When the line containing "2018 年 5 月 9 日，汉阴县开展道沿路抛洒等道路环境整治" is found in the data below, copy it and each line after it through the line containing "路政治超 2018 年，汉阴县交通运输局查处损坏路产事案", exactly and with no others.

[Input material]
++++++++
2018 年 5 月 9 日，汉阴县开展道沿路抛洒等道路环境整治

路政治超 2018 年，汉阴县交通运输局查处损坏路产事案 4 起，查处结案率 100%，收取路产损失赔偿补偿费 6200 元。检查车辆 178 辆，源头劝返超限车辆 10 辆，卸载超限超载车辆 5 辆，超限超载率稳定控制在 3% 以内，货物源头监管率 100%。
++++++++
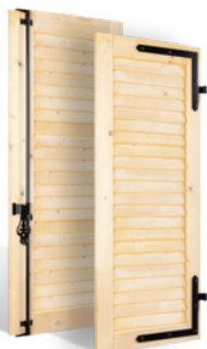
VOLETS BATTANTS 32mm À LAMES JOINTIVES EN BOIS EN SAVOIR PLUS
++++++++
[Answer space]
2018 年 5 月 9 日，汉阴县开展道沿路抛洒等道路环境整治

路政治超 2018 年，汉阴县交通运输局查处损坏路产事案 4 起，查处结案率 100%，收取路产损失赔偿补偿费 6200 元。检查车辆 178 辆，源头劝返超限车辆 10 辆，卸载超限超载车辆 5 辆，超限超载率稳定控制在 3% 以内，货物源头监管率 100%。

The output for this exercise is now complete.